Plage de Noordwijk - 1908
Max Liebermann



« Erika a vraiment existé », écrit Kulisiewicz. C’était la fille adolescente d’un officier SS de haut rang ; « Elle se tenait au milieu du camp, son uniforme du Bund Deutscher Mädel repassé à la perfection, et regardait, inexpressive, nous autres, les prisonniers, qui revenions du travail en portant les cadavres de nos camarades morts. » Kulisiewicz a tiré la mélodie de cette chanson d’une marche populaire tchèque, U našich kasáren (« A notre caserne »), écrite par Karel Vacek en 1938 à l’occasion de la mobilisation générale avant l’annexion de la Tchécoslovaquie par Hitler :
Le vers final d’“Erika” (répété), quant à lui, est une parodie sarcastique d’une chanson nazie homonyme, écrite par le « roi des marches » allemand, Herms Niel. [trad./ad. RV]



Dialogue Maïeutique

« Erika ? », dit Lucien l’âne, on dirait un prénom de femme ou de fille d’un pays du Nord.

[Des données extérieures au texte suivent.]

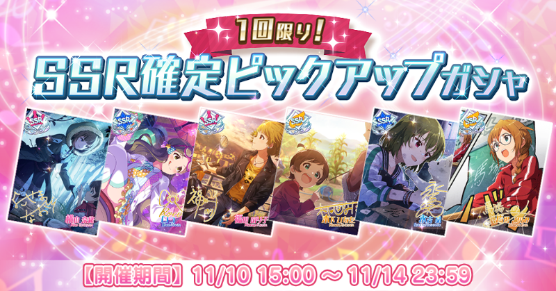 『1回限り!SSR確定ピックアップガシャ』を開催中です!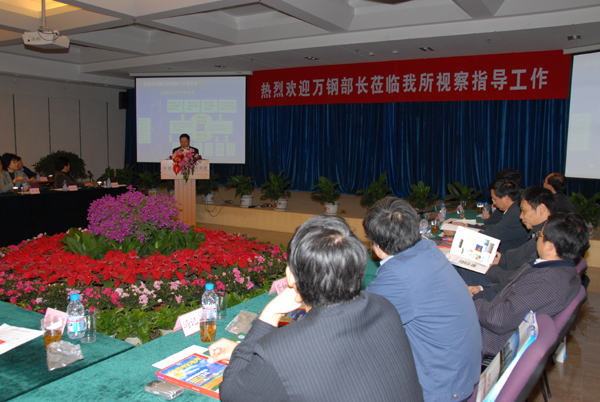 隨后,萬鋼部長與科研骨干進行了座談。萬鋼部長在座談中指出,胡錦濤總書記在十七大的報告當中,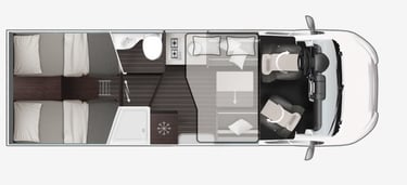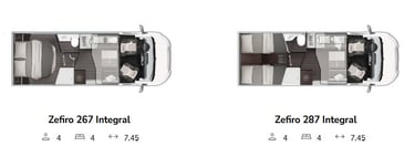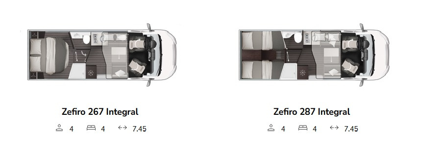 Zefiro 287TL Integrala - Autorulota pentru cei care caută mult spațiu, zone separate și capacitate mare de depozitare. Paturi twin și toaletă separată cu compartiment de duș separat.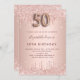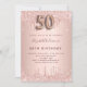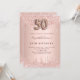 Um convite moderno, na moda e glamouroso para a 50ª festa de aniversário. Um fundo rosa de ouro falso com pingos, pintura com pingos. O nome é escrito com um moderno e escuro, rosa dourado, escrito com letra de estilo manuscrito. Personalize e adicione os detalhes da sua festa. O número 50 é escrito com uma fonte de estilo balão, script.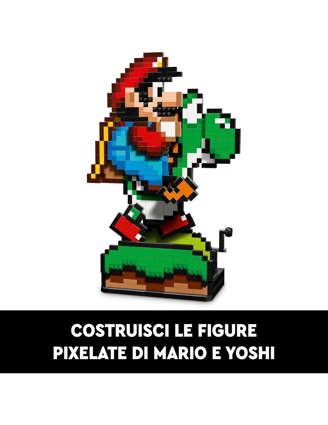 Una simpatica costruzione in mattoncini LEGO Super Mario per adulti, ottima come decorazione di casa di un appassionato di gadget Nintendo da collezione. Questo kit di modellismo per adulti presenta i personaggi di Mario e Yoshi in versione 'pixelata' da costruire, dotati di una funzione che gli consente di simulare i classici movimenti come nei videogiochi. Basta far girare una maniglia per far correre Yoshi con Mario LEGO posizionato sulla schiena, oltre a poter ruotare una manopola per azionare la lingua di Yoshi. Il modello include un'Action Tag, che consente di aggiungere un personaggio LEGO Mario, LEGO Luigi o LEGO Peach (dai set 71439, 71440 o 71441 – disponibili separatamente) per un'esperienza interattiva. Questo set LEGO per adulti è un'ottima idea regalo per un uomo o una donna, e per tutti gli appassionati di modelli Super Mario da collezione. Il set comprende le istruzioni per la costruzione nell'app LEGO Builder, una guida semplice da seguire per vivere ogni fase creativa della costruzione come un'esperienza coinvolgente.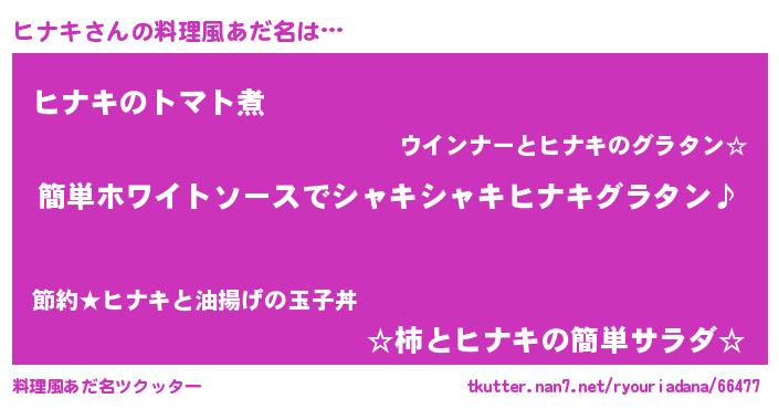 | 男性向けラノベタイトル風あだ名 | 『ヒナキの嫁は女の子じゃないと思った?』 |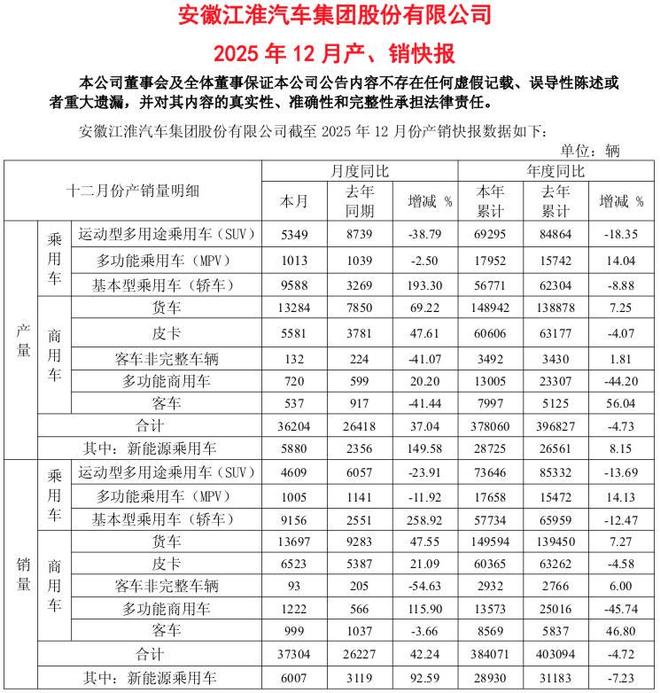 数据还显示,2025年全年江淮汽车商用车皮卡累计销量为6.04万辆,较同期的6.33万辆下滑4.58%;多功能商用车累计销量为1.36万辆,同比下滑45.74%;运动型多用途乘用车(SUV)销量为7.36万辆,同比下滑13.69%;基本型乘用车(轿车)销量为5.77万辆,同比下滑12.47%;多功能乘用车(MPV)销量为1.77万辆,同比增长14.13%。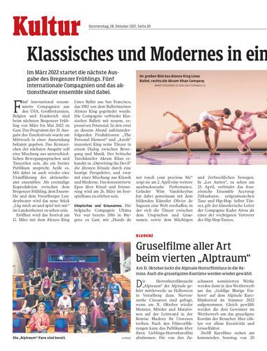 Im März 2022 startet die nächste Ausgabe des Bregenzer Frühlings. Fünf internationale Compagnien und das aktionstheater ensemble sind dabei.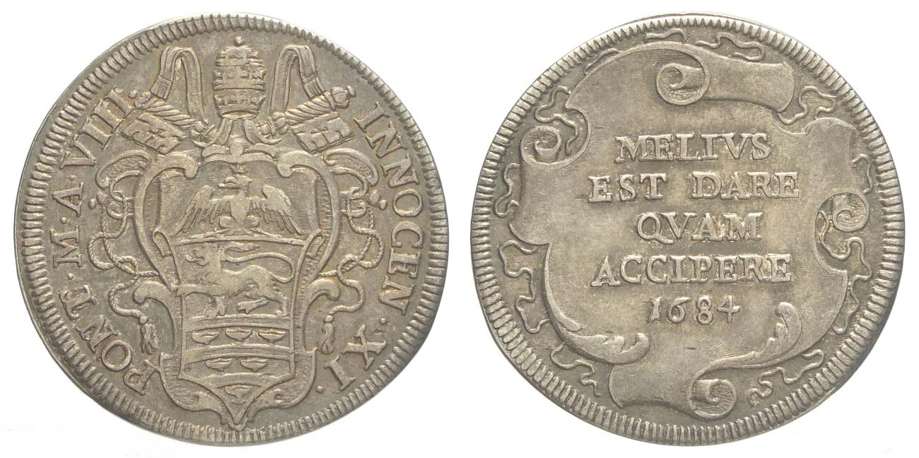 Roma, Innocenzo XI, Testone 1684, Ag mm 32 g 9,09 bella patina BB-SPL
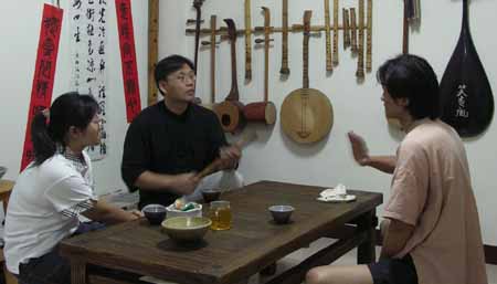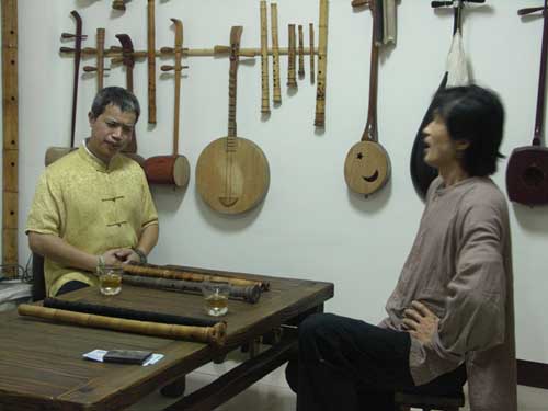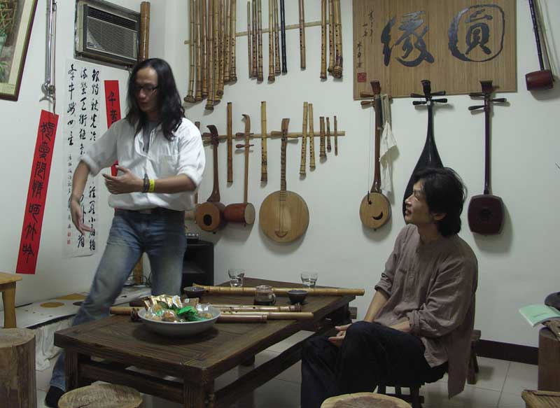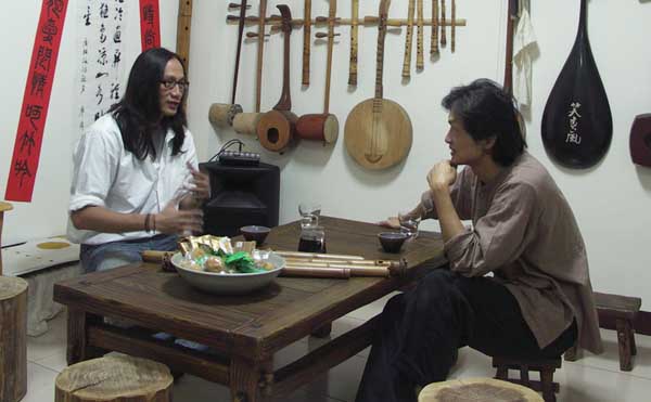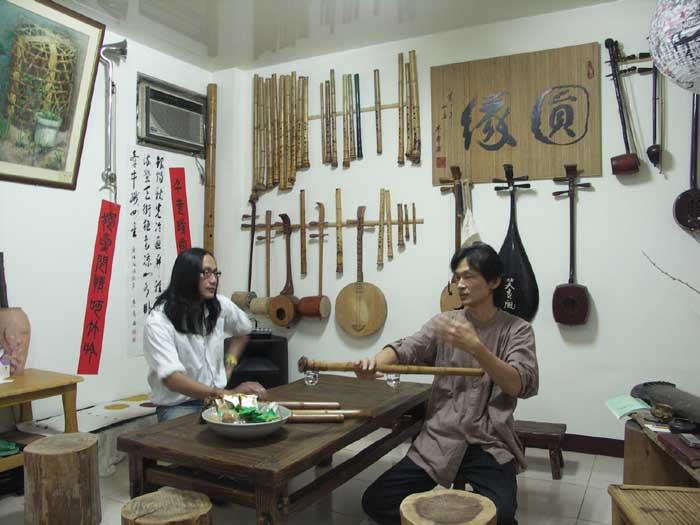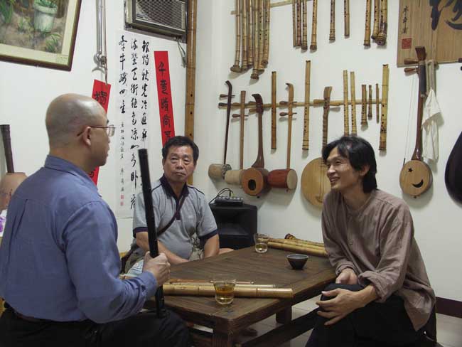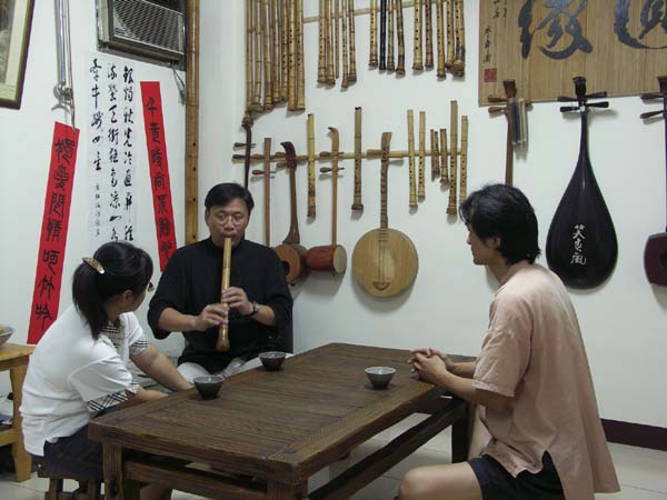 宋先生對濃淡簫聲很有興趣,文松乃分享吹禪的放鬆方式及專一的過程。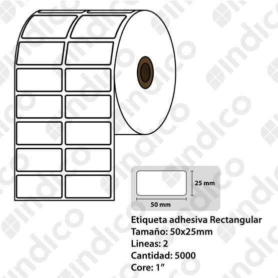 INDICO Etiqueta adhesiva blanca TT 50mmx25mm, 2 linea, rollox 5.000, core 1"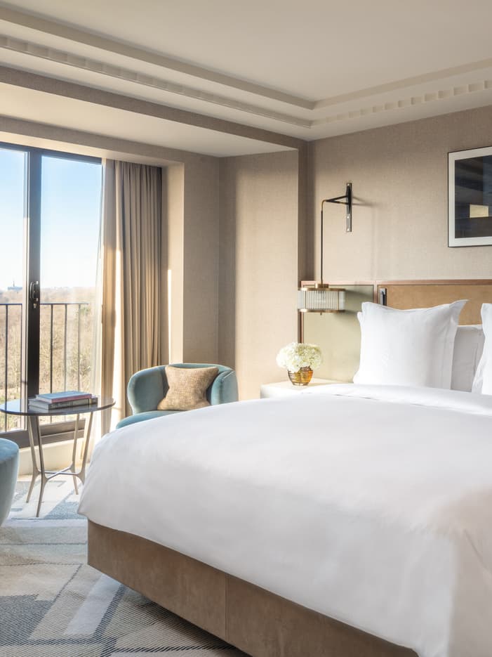 Our Premier Park-View Rooms offer a serene escape, with beautiful vistas of Hyde Park’s lush greenery or the verdant expanse of Green Park. Each room is a spacious haven of tranquillity, adorned with soothing colour palettes and elegant walnut-veneer panels that create a calming atmosphere. Immerse yourself in luxury and comfort, as you relax in a room designed to provide a peaceful retreat amidst the bustling city.
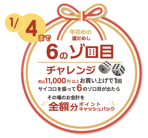 1/4(日)までの期間中、店頭で¥11,000(税込)以上お買い上げで1回チャレンジ!サイコロを2つ同時に振って、6のゾロ目が出たら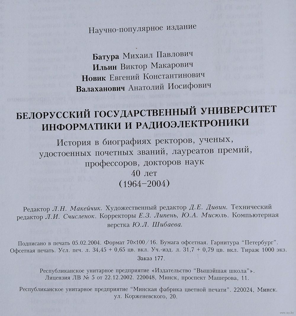 Белорусский государственный университет информатики и радиоэлектроники: история в биографиях ректоров, ученых, удостоенных почетных званий, лауреатов премий, профессоров, докторов наук: 40 лет (1964-2004) / М.П.Батура (рук.), В.М.Ильин, Е.К.Новик, А.И.Валаханович. - Мн. : Вышэйшая школа. 2004 г. 421 с. Твердый переплет. Увеличенный формат.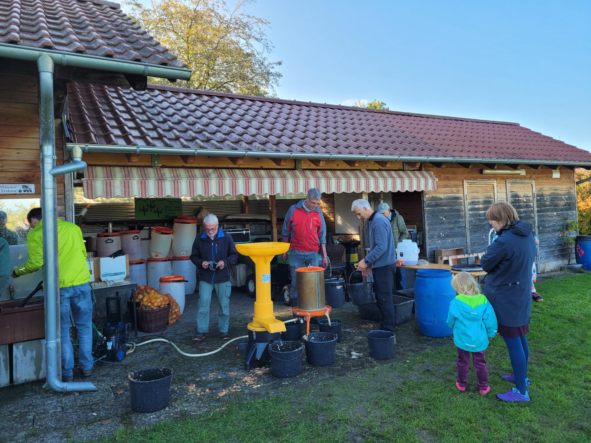 Am Samstag, den 11. Oktober veranstaltete der OGV Mössingen wieder seinen Kleinmostertag bei feinstem Mostwetter im Lehrgarten und alle die kamen hatten ihre Freude am selbstgemachten Süßmost. Das Obst war reif zum Mosten und der Andrang der Mosterinnen und Moster war stetig. Die Oma kam mit ihrem Enkel und ein paar Kisten Äpfel, Familien bestaunten wie einfach aus einem Karton Äpfel und Birnen ein Karton Bag in Box wird, viele nutzten die Äpfel aus dem Vorgraten und nahmen einen frischen Saft mit nach Hause. Neben dem klassischen Mostansatz wurde Maische für Schnaps aber auch für feinen Apfelessig zur Gärung angesetzt und nicht zu vergessen –Bag in Box wurde in größeren Mengen abgefüllt. Über den Tag waren alle Altersgruppen vertreten – die kleinste Teilnehmerin war gerade 18 Monate alt und dann ging es aufwärts bis weit über die 80. Die Qualität der gepressten Säfte war sehr gut, die Süße lag konstant zwischen 50° und 60° Oechsle was auf einen guten Most hoffen lässt. Die Ergebnisse lassen sich dann bei der Mostprämierung in 2026 verkosten und bewerten. Dank der tollen Teamarbeit der OGV Moster war die Veranstaltung einmal mehr ein schönes Beispiel dafür, wie wichtig Vereinsarbeit für das Interesse und damit den Erhalt unserer heimischen Streuobstkultur ist.

Oui, dit Marco Valdo M.I., c’en est un. Ce fut, je te le rappelle, aussi celui d’un pétrolier (pourri) qui, en 1999, lâcha sur les côtes de Bretagne sa cargaison et en deux morceaux, sa carcasse brisée. Cela dit, ici, la chanson est intitulée du prénom d’une jeune allemande, fille d’un haut gradé de la SS, affecté au camp de Sachsenhausen ; celui où mourut en 1934 sous la torture Erich Mühsam, dont j’avais remémoré la personne dans ma chanson : Erich Mühsam, poète, anarchiste et assassiné. Erika était-elle sa vraie identité, on ne le sait, car la chanson reprenait volontairement ce titre pour parodier un chant de la Wehrmacht dans lequel une jeune fille prénommée Erika est comparée par un soldat nostalgique, loin de chez lui, à la fleur de bruyère – Erica – de la lande voisine ? Un chant de marche que les soldats de la SS entonnaient avec une enthousiaste mélancolie ; un chant que les prisonniers reconnaissaient très bien.

Voilà pour la base, dit Lucien l’âne. Je vois de quoi il s’agit : un chant de soldat sur le schéma typique de la séparation, dont Lili Marleen [Lied eines jungen Wachtpostens] est certainement la plus célèbre figure. Sans doute, est aussi une sorte d’Adèle sirupeuse.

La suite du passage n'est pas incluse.